▶ **Instructions to follow**
A faithful copy is needed of the lines below from the one with "New Elegant 2019" up to and including the one with "куда недолго думая"; set it down with no pictures and no other lines.

▶ **Recorded information**

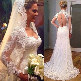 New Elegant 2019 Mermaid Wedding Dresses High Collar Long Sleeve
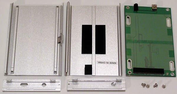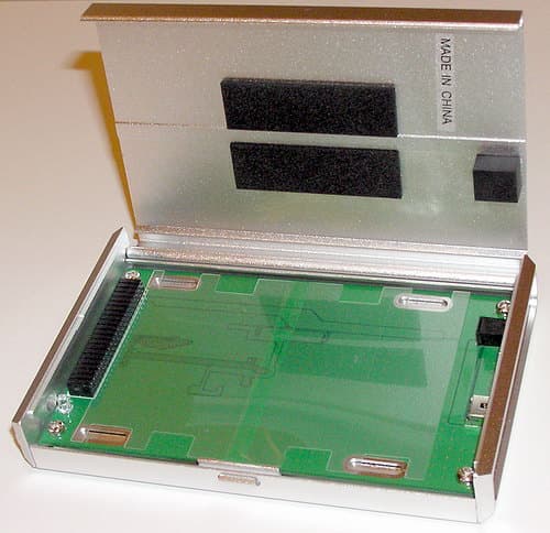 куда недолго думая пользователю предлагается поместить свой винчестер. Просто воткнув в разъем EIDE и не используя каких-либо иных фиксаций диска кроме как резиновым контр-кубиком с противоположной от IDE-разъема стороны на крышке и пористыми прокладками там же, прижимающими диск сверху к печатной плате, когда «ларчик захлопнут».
* * *
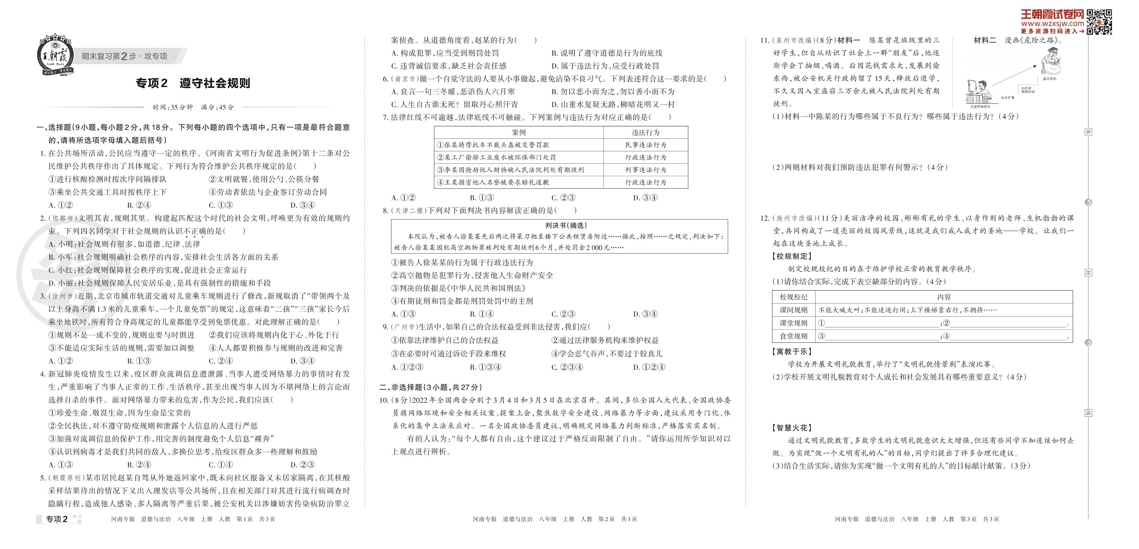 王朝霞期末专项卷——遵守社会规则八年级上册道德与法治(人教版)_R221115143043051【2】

▶ **Solution**
 New Elegant 2019 Mermaid Wedding Dresses High Collar Long Sleeve
 куда недолго думая пользователю предлагается поместить свой винчестер. Просто воткнув в разъем EIDE и не используя каких-либо иных фиксаций диска кроме как резиновым контр-кубиком с противоположной от IDE-разъема стороны на крышке и пористыми прокладками там же, прижимающими диск сверху к печатной плате, когда «ларчик захлопнут».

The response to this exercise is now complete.